## Dataset content
++++++++++
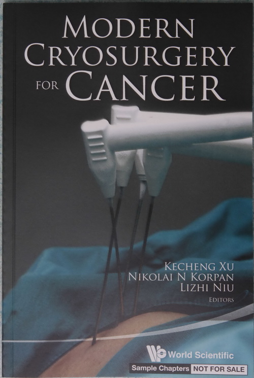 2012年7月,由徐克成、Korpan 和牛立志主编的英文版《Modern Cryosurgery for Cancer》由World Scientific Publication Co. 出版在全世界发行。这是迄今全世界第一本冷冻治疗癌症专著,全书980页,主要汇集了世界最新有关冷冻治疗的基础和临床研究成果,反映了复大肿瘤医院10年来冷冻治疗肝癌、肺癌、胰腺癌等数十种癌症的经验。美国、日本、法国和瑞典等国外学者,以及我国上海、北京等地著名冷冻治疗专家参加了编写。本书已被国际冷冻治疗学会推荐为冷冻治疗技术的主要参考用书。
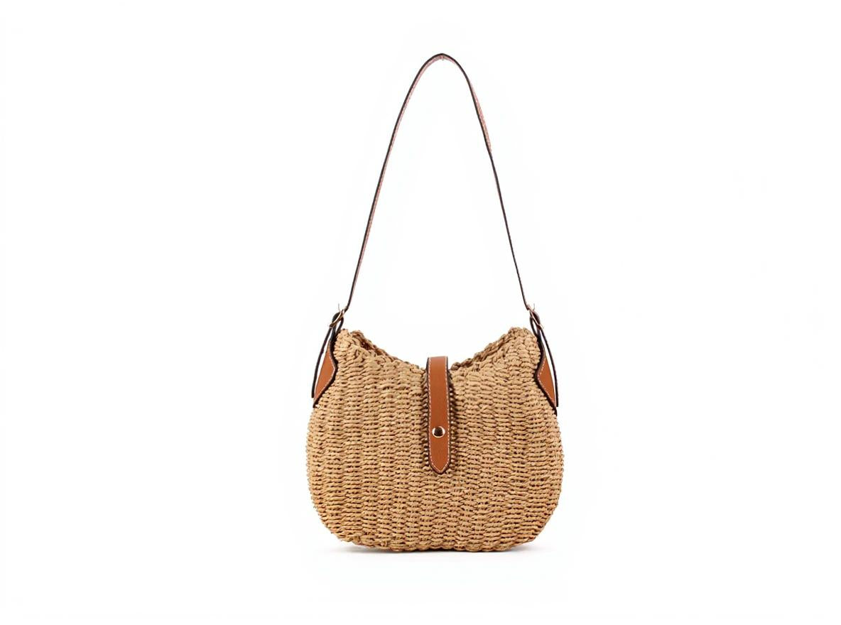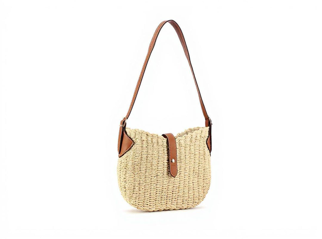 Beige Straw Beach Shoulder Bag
++++++++++
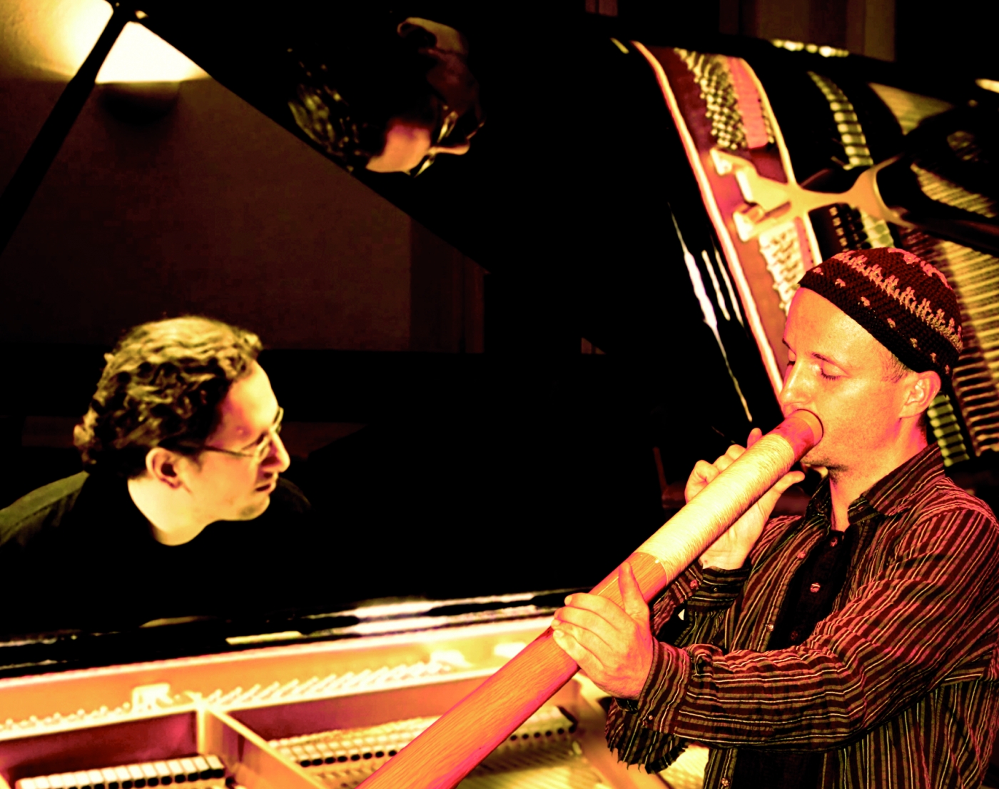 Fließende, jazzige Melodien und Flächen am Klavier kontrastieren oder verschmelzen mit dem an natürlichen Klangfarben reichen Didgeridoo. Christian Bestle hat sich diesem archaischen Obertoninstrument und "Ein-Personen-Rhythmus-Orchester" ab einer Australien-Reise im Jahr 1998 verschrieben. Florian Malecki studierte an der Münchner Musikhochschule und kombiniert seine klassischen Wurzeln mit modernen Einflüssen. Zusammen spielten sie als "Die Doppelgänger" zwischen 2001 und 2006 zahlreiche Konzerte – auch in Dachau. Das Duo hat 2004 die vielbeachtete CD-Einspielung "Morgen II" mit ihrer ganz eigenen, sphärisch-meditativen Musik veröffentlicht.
++++++++++
## The task
Above are records with pictures. Reproduce exactly only the lines from the line with "2012年7月,由徐克成、Korpan 和牛立志主编的英文版《Modern Cryosurgery" through the line with "Beige Straw Beach Shoulder Bag", both ends included, and leave the pictures out.

## Task solution
 2012年7月,由徐克成、Korpan 和牛立志主编的英文版《Modern Cryosurgery for Cancer》由World Scientific Publication Co. 出版在全世界发行。这是迄今全世界第一本冷冻治疗癌症专著,全书980页,主要汇集了世界最新有关冷冻治疗的基础和临床研究成果,反映了复大肿瘤医院10年来冷冻治疗肝癌、肺癌、胰腺癌等数十种癌症的经验。美国、日本、法国和瑞典等国外学者,以及我国上海、北京等地著名冷冻治疗专家参加了编写。本书已被国际冷冻治疗学会推荐为冷冻治疗技术的主要参考用书。
 Beige Straw Beach Shoulder Bag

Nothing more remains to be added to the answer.